Researchers at first synthesized a small achiral molecule (2) that can attach to the analyte (e.g. amino acids, biothiols, amines etc.) resulting in a complex. The properties of this complex can be measured using photophysical techniques such as UV-Vis or CD spectroscopy to determine the initial configuration of the analyte (Figure 1). It was observed that when 2 interacts with S-amino acids it produces opposite signal as compared to the signal formed through interaction of 2 and R-amino acids. In this way, two different stereoisomers (S– and R-) could be identified easily as evident in figure 1b .

Figure 1. a) General scheme of reaction between amino acids and the achiral small molecule (2). b) S– and R-amino acids show opposite signal when attached to the chiral small molecule. Reprinted with permission from Reference 1. Copyright 2019 American Chemical Society.

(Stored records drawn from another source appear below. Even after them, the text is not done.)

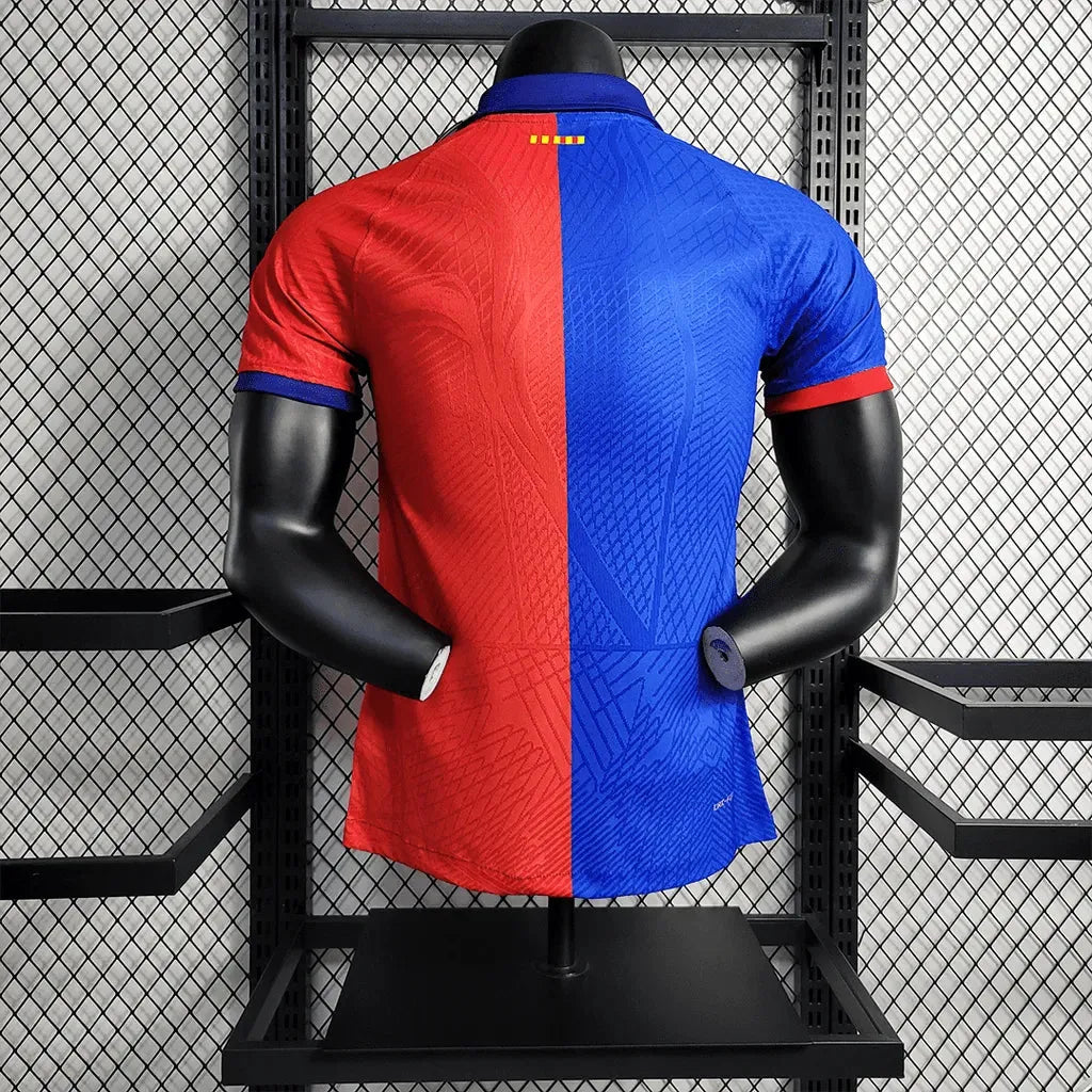 The Barcelona Classic 23/24 Men's Player Shirt - Blue and Red is the official version worn by professional athletes on the field. With a slim fit, ultra-lightweight fabric and strategic ventilation, this shirt was made for high-level performance. Developed with cutting-edge technology, it provides comfort, mobility and advanced technical design.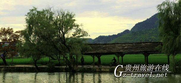 寨边的河水清澈见底,游鱼成群,河上建有一座长30米、宽5 米的五孔石桥,弧形石拱与倒影连成一个个圆洞门。岸边的绿树青山,映在圆洞里,如同五彩的山水彩屏。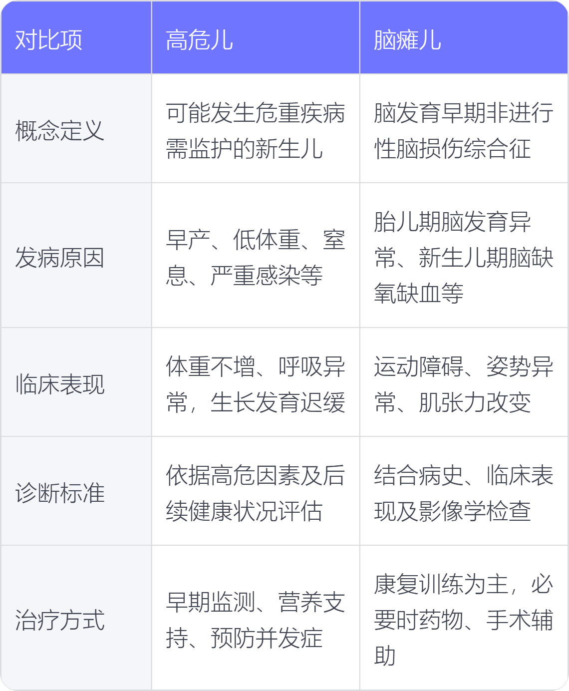 高危儿和脑瘫儿在概念定义、发病原因、临床表现、诊断标准、治疗方式上存在不同。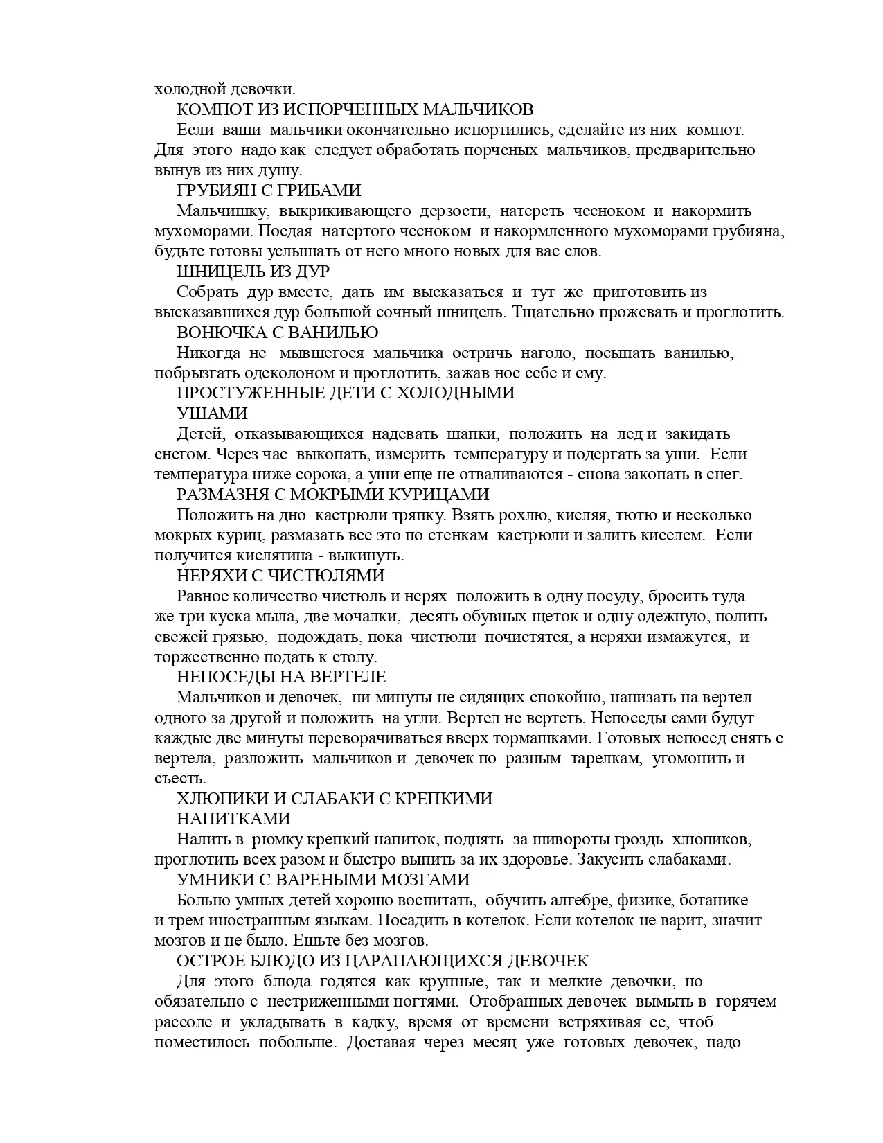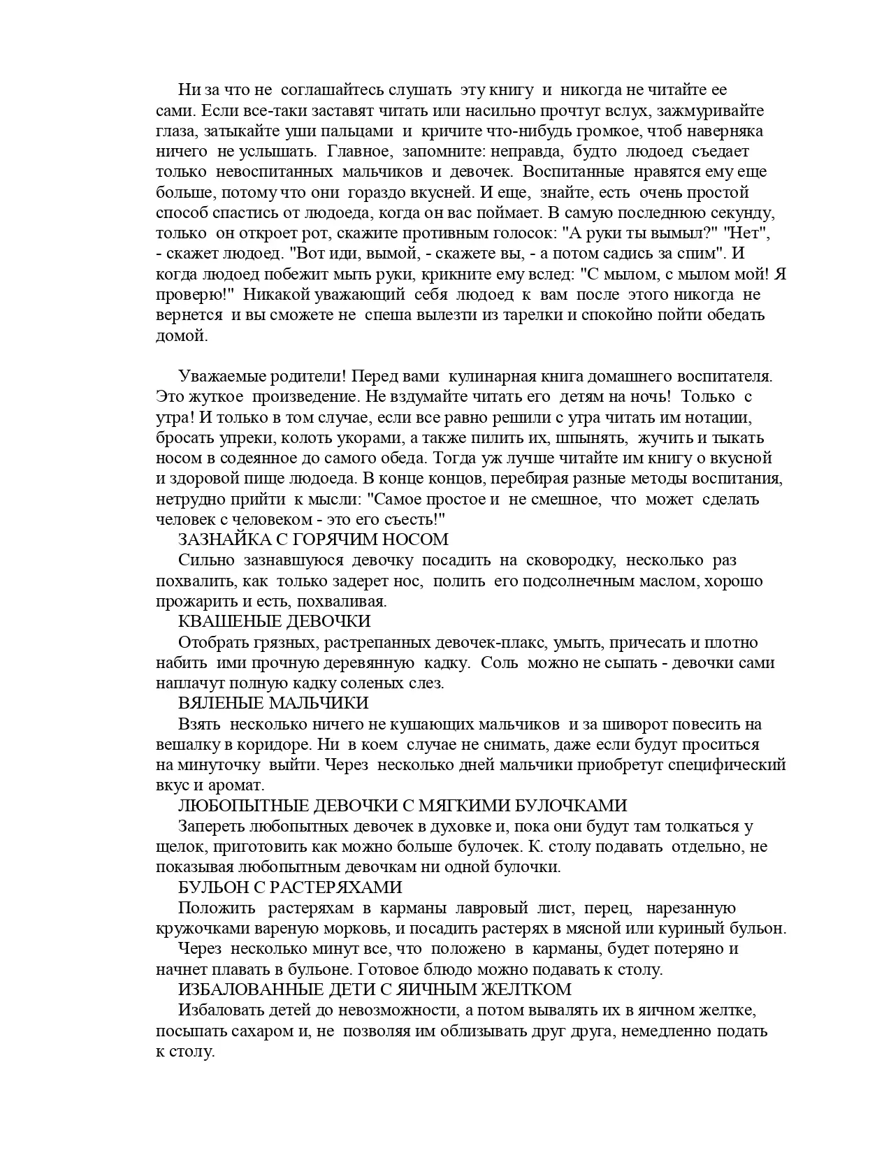 «Ученые открыли, что на свете бывают непослушные дети, которые все делают наоборот. Ученые придумали, что таким детям нужно давать не полезные, а вредные советы. Они все сделают наоборот, и получится как раз правильно».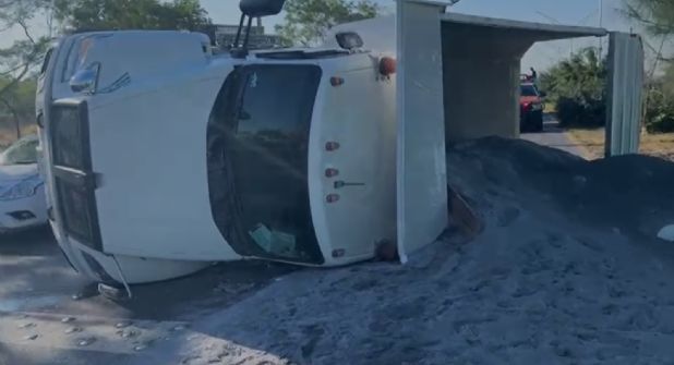 Un camión materialista que transportaba 14 toneladas de arena volcó la mañana de este miércoles en la Autopista al Aeropuerto, en el municipio de Guadalupe, provocando afectaciones viales en sentido hacia la terminal aérea.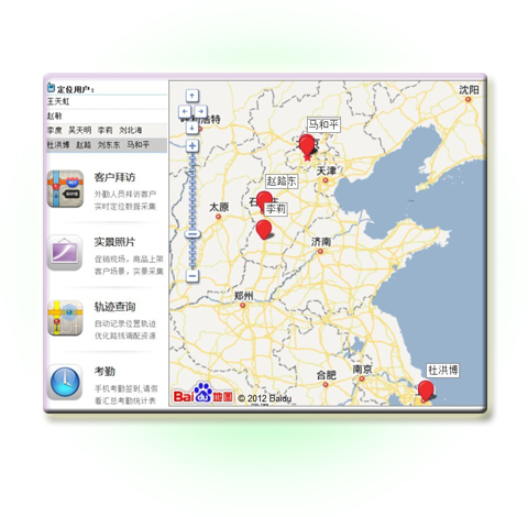 使用有定位功能的CRM,帮助外勤人员解决客户信息把握、行销决策制定、谈判技巧分析、合同回款事宜等。定位功能实现客户的位置和外勤人员是否到位的严格管理。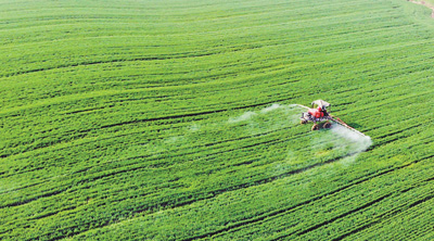 日前在湖北省襄阳市高新技术产业开发区李冲村,大型植保机械在麦田喷洒农药和叶面肥。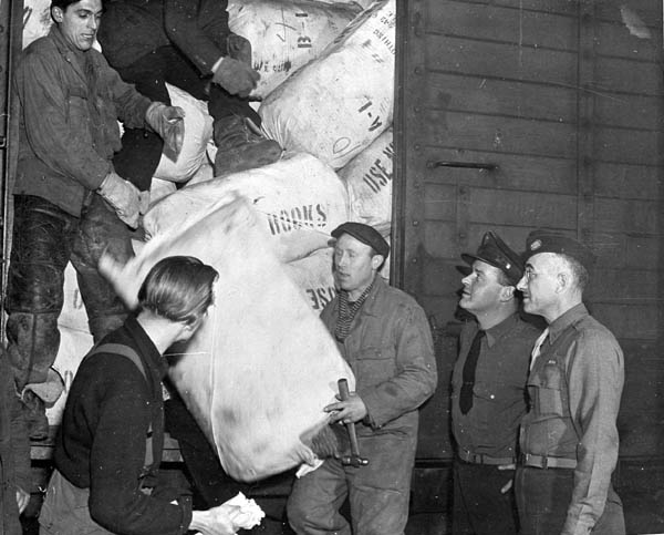 Die erste Bekleidungslieferung der UNRRA aus den USA für die DP-Lager in Deutschland wird vor dem UNRRA-Lager in München abgeladen. Rechts steht Leo W. Hill aus Montana, neben ihm John H. Boyle und weitere Männer, die für die Kleiderausgabe zuständig sind. April 1946. (United Nations-Archives, S-1058-0001-01-229)

Having developed a qualitative method for analyzing the stereocenters, researchers moved to quantitative analysis using intensity of CD signals. Researchers used a non-racemic analyte mixture (where both stereocenters are present but one is in excess to other) and observed that with increasing concentration of one stereocenter, CD signal intensity increases. They found correlations between enantiomeric excess and CD signal of the amino acids, either linear or non-linear depending on the particular amino acid. For example, aspartic acid and glutamic acid showed a non-linear effect whereas other amino acids showed linear effects (figure 2).

Figure 2. a) CD and UV-Vis signal of non-racemic mixture of aspartic acid and analyte. b) Correlation between enantiomeric excess and CD signal of different amino acids. Reprinted with permission from Reference 1. Copyright 2019 American Chemical Society.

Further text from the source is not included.